The IMF has also changed from within. The organisation, chastened by widespread complaints that its policy prescriptions were too harsh in the 1980s and 1990s, now devotes growing attention to questions of climate change and inequality at the expense of its overarching mission of instilling sound macroeconomic management. In the latest edition of its flagship annual publication, the “World Economic Outlook”, the word “reform” appears 63 times, compared with 171 times in the edition of 30 years ago.

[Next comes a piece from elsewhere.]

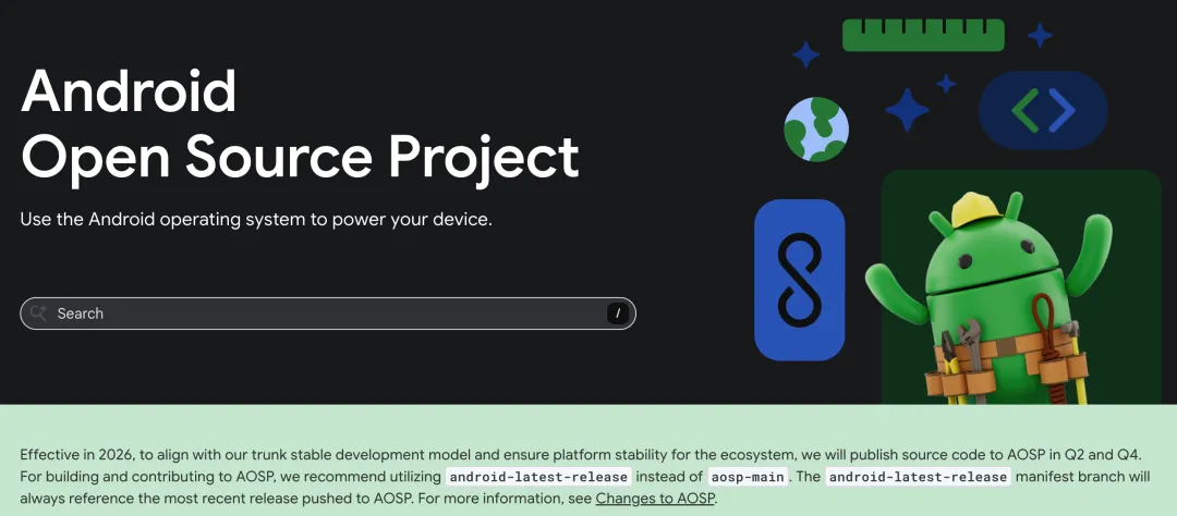 谷歌发布了关于 Android 开源代码的最新调整:仅将在每年的第二季度和第四季度向 AOSP 发布 Android 源代码。

The most moribund multilateral institution, however, is the WTO. Since the collapse of a 14-year-long negotiation in 2015, all talk of expanding free trade or deepening protections for it has fallen by the wayside. This year’s summit only just managed to extend a moratorium that, had it lapsed, could have seen countries imposing tariffs on cross-border transfers of data, including software and music. With the appeals process frozen, governments can adopt capricious policies with little fear of censure. In the past year an index of “trade-policy uncertainty”, produced by economists at the Federal Reserve, has been nearly twice as high as the long-run average.

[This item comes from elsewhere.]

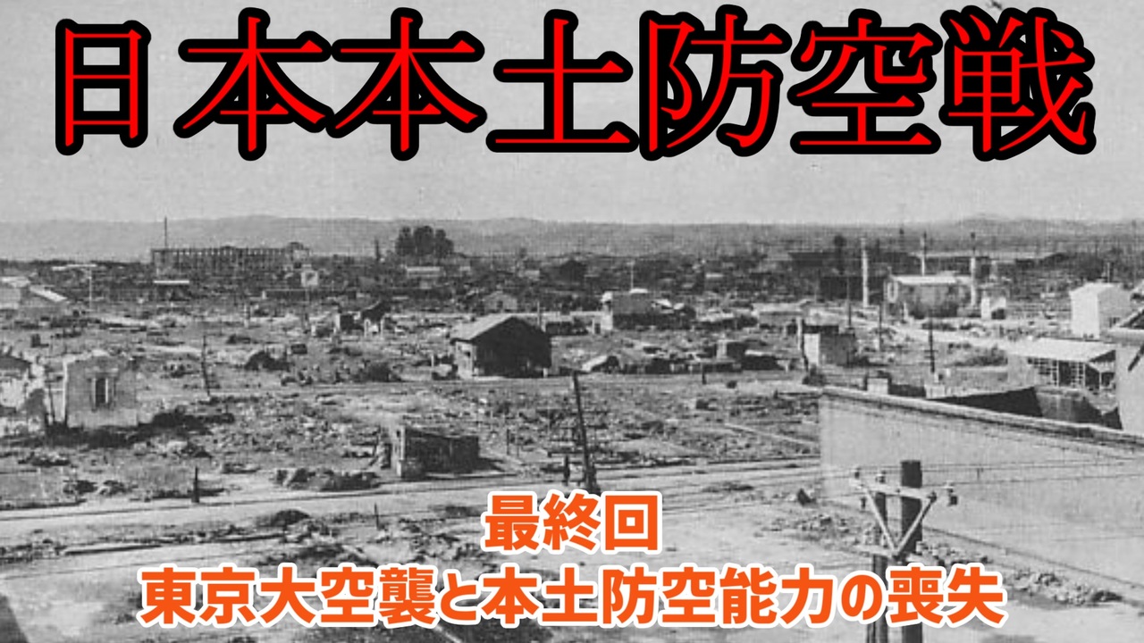 【参加メンバー】 <br>解説:ZEKE22 聞き手:メスキイタ <br><br>1945年3月10日 <br>この日は日本本土爆撃の転換点となりました。<br>米軍の伝統とも言えた高高度爆撃を捨て、低空での焼夷弾爆撃の効果は絶大で、東京は火の海となり以降、横浜、名古屋、大阪も同じ運命をたどります。<br>4月には押し寄せるB-29に護衛のP-51も本土に飛来してくるようになり、日本軍の防空戦闘機部隊は限界を迎えていくことになります。<br>今回はそんな東京大空襲から終戦までの攻防を見ていきます。<br><br> ↓元配信↓<br> <a href="https://www.youtube.com/watch?v=x1q3y0cP2fA" target="_blank" rel="noopener nofollow">https://www.youtube.com/watch?v=x1q3y0cP2fA</a> <br><br>アイコン作者様:akihiyo様<br>BGM:クラシック名曲サウンドライブラリー<a href="http://classical-sound.seesaa.net/" target="_blank" rel="noopener nofollow">http://classical-sound.seesaa.net/</a><br> 動画制作:研究主任(<a href="https://www.nicovideo.jp/user/3565318" target="_blank" rel="noopener">user/3565318</a>)<br><br> 動画のマイリスト(<a href="https://www.nicovideo.jp/mylist/60472626" target="_blank" rel="noopener">mylist/60472626</a>)

The effects of these three scourges are predictably grim. An index that tracks references to economic uncertainty in prominent publications is at twice its average level from 1997 to 2015. Not only has global trade in goods stagnated; the same problem now afflicts services, too. Cross-border investment is in retreat, as well, as a share of global gdp. Both long-term (direct) and short-term (portfolio) flows are well below their peaks. Companies are retrenching, to avoid geopolitical rifts in particular. The share of American corporate profits coming from abroad is falling fast. Western law firms and banks are pulling out of China. After Russia’s invasion of Ukraine in 2022, McDonald’s quit the Russian market. A new Russian-owned restaurant, “Delicious, full stop”, has taken over many of the American chain’s outlets. (As if to bear out Cohon’s proselytising about the benefits of globalisation, the new restaurant has received poor reviews.)
Those investors still willing to venture abroad expect a higher rate of return. The Economist analysed data published by the Federal Reserve on stocks and flows of cross-border investment. For years the gap between American investors’ returns abroad and that on risk-free Treasury bonds was shrinking, suggesting that the world was becoming a safer place. But in recent years the gap has widened again, pointing to growing global instability (see chart 3) .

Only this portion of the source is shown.